Lunch
Cheesy Vegetable Crepes

Description
The classic is made extra-easy with Bisquick® mix. The veggie filling and cheese make these crepes perfect fare for breakfast, lunch or dinner.
Ingredients:
- Vegetable Filling
- 2 tablespoons vegetable oil
- 2 medium zucchini, coarsely chopped (3 to 4 cups)
- 1/2 cup chopped green bell pepper
- 4 medium green onions, sliced (1/4 cup)
- 1/4 teaspoon instant minced garlic
- 2 medium tomatoes, coarsely chopped (1 1/2 cups)
- 1/2 teaspoon salt
- Crepes
- 1 cup Original Bisquick™ mix
- 3/4 cup milk
- 2 eggs
- 1 cup grated Parmesan cheese
Directions:
- In 10-inch skillet, heat oil over medium heat. Add zucchini, bell pepper, onions and garlic; cook 3 to 5 minutes, stirring occasionally, until vegetables are crisp-tender. Remove from heat; stir in tomatoes. Sprinkle with salt. Cover; let stand 2 to 3 minutes.
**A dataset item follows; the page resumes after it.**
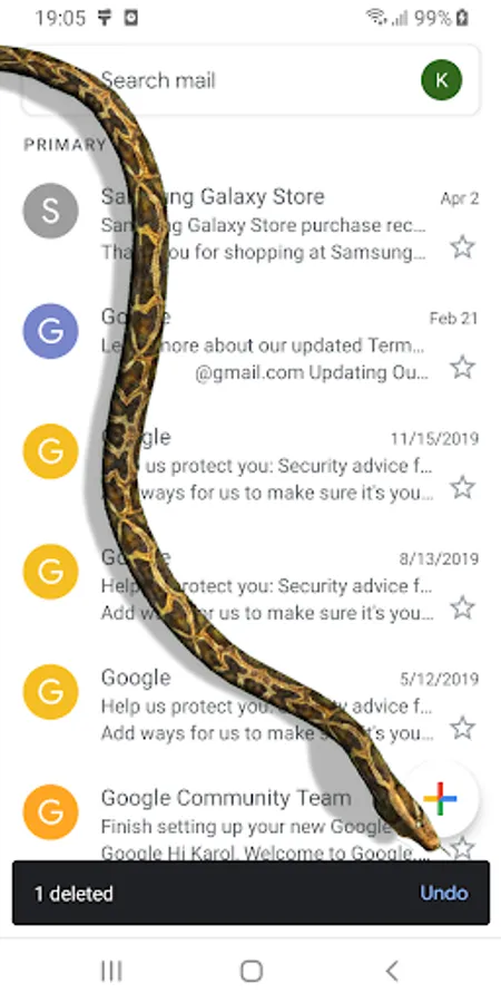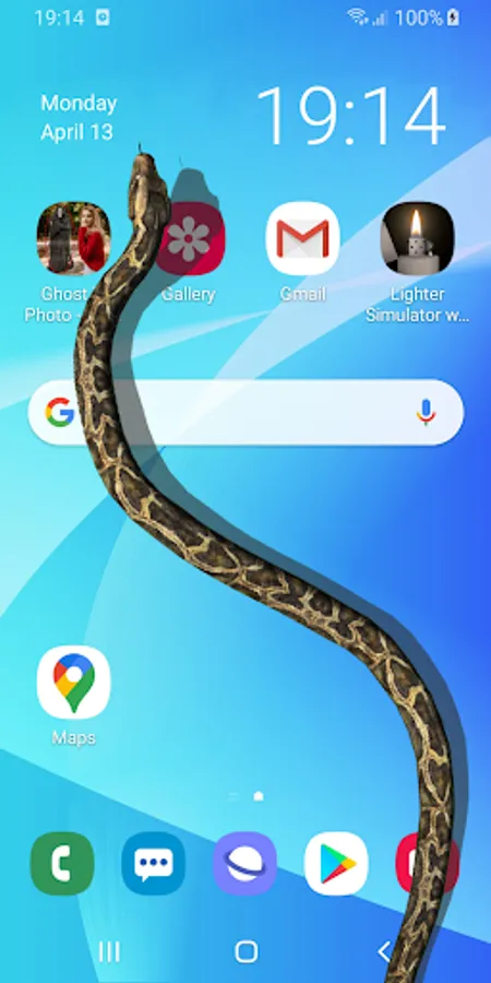 This awesome application will display animation of a snake (Python) on the screen of your phone. Just press "Show Snake" and give app permission to draw over other apps. Virtual snake will start moving and hissing on your screen. Our footless vertebrate friend will be visible almost all the time (it will be displayed in the foreground of all running apps). You can use your favorite social network, browse internet or play a game and you will still see crawling snake and hear its hissing.
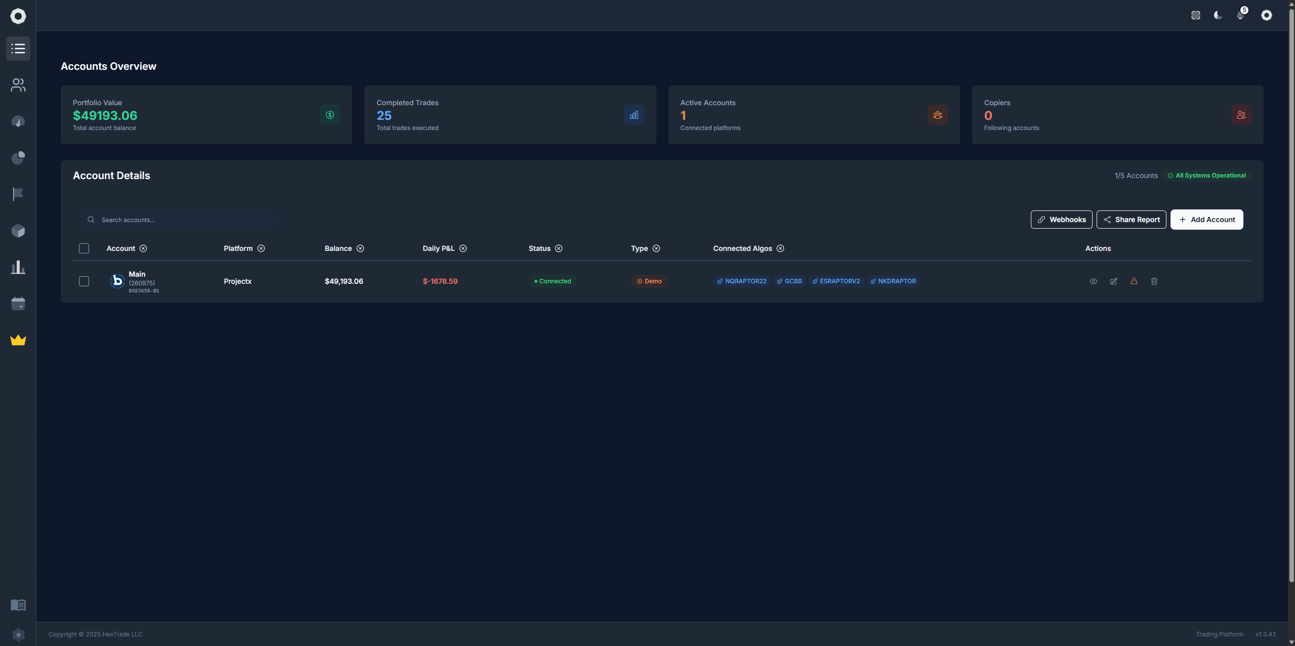 To start automated trading, copy trading, or webhook-based algorithmic trading, you first need to connect a broker account to Hextrade. Once connected, your account appears in the accounts table and is available for algorithms, copy groups, and manual trading.Adding an Account

- Lightly grease 6- or 7-inch skillet; heat over medium-high heat. In medium bowl, stir Bisquick mix, milk and eggs with wire whisk or fork until blended.
- Heat oven to 350°F. For each crepe, pour 2 tablespoons batter into hot skillet; rotate skillet until batter covers bottom. Cook until golden brown. Gently loosen edge with metal spatula; turn and cook other side until golden brown. Stack crepes, placing waxed paper between, as you remove them from skillet. Keep crepes covered to prevent them from drying out.
- Spoon filling onto crepes. Sprinkle half of cheese over filling on crepes; roll up crepes. Place seam sides down in ungreased 11x7-inch (2-quart) glass baking dish. Sprinkle with remaining cheese. Bake uncovered 10 to 12 minutes or until hot.